Ce midi, à l’heure du déjeuner (vous aurez bien deviné que je me trouvais alors à la fameuse « cafet’ Carrefour »), j’évoquais le sujet des cadeaux de Noël avec mon passionnant collègue dessinateur avec lequel j’avais seul le privilège de partager le repas… Celui-ci m’annonçait au cours de la conversation « Nous, les cadeaux de Noël pour les gosses on ne les achète pas trop tôt parce qu’ils les cherchent partout dans la maison ».

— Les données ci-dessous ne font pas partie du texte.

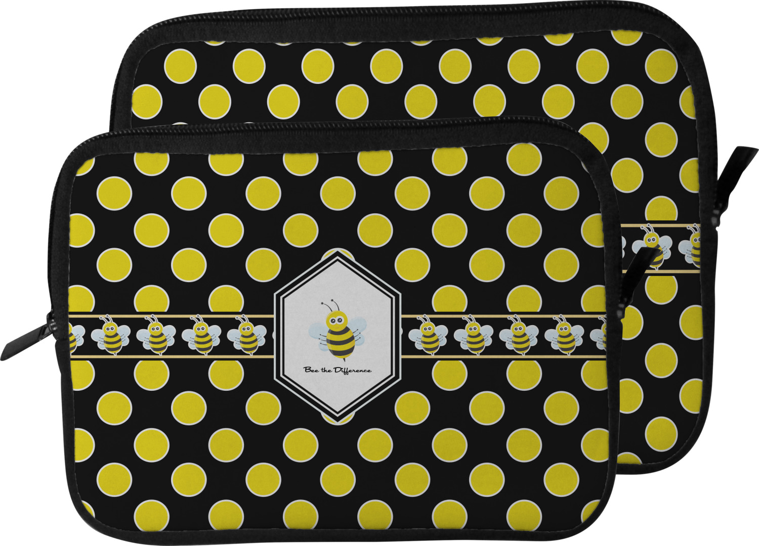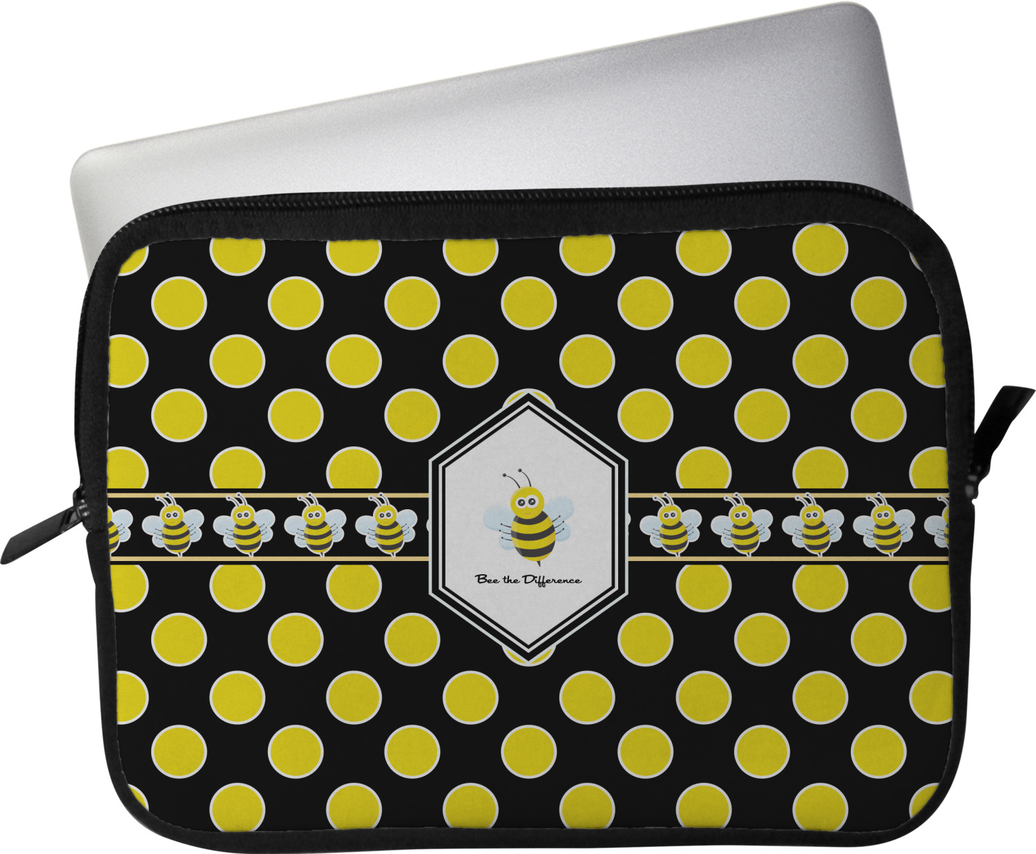 These laptop covers are built from a water-resistant, cushioned neoprene. We display your personalized design on the front of this computer sleeve, while the other sides are simply the black color of the neoprene fabric. A zipper lines the top half of this case, for direct access to your device. For added protection, the interior of this neoprene laptop sleeve is lined with a padded, minky-like material.

Et bien tu vois papa, soudain je me suis souvenu avec beaucoup de précision de ce Noël passé alors que nous étions encore installés dans le Nord, à Herlies. J’avais peut-être dix ans, peut-être neuf, peut-être onze, mais je me souviens des cadeaux de l’hôpital que tu m’offrais à l’occasion des fêtes. Cette année-là, tu avais caché le fameux présent annuel dans le garage, derrière la chaudière, et l’objet n’avait pas échappé longtemps à ma curiosité de petit garçon. Rappelle-toi, c’était la maquette d’un B-29 Flying fortress, l’imposant bombardier de la seconde guerre mondiale, tristement célèbre pour avoir largué sur le Japon deux obus dévastateurs du nom de « Little boy » et « Fat man ». La maquette, au 1/48ème, se présentait dans une boîte gigantesque que j’avais peine à prendre dans mes petits bras.

B-29

Tous les matins, je prenais mon vélo-cross bleu et blanc pour me rendre à l’arrêt de bus. Je traversais la sombre petite cour gravillonnée séparant la maison du jardin puis pénétrais dans le grand hangar pour saisir fébrilement mon vélo, non sans avoir spirituellement fait un pied-de-nez monumental aux esprits malins habitant les lieux. Ensuite, marchant à ses cotés, je passais par le garage en prenant mille précautions pour ne pas rayer ta belle Renault Nevada bleue. Et c’est là que tous les matins, je m’arrêtais devant la chaudière pour jeter un œil à la grande boîte grise dissimulée derrière la chaudière. Chaque jour je m’aventurais un peu plus loin, découvrant petit à petit une nouvelle partie de l’emballage. Peut-être même qu’un matin j’eus le courage de sortir entièrement la boîte de sa cachette en murmurant un grand « whouaaahhhh…. » d’admiration.

Tout cela ne gâcha en rien le plaisir ressenti lors de l’ouverture des cadeaux quelques jours plus tard… Et finalement c’est grâce à ces moments si particuliers gravés pour toujours dans mon esprit que Noël sera toujours, à mes yeux, un moment magique.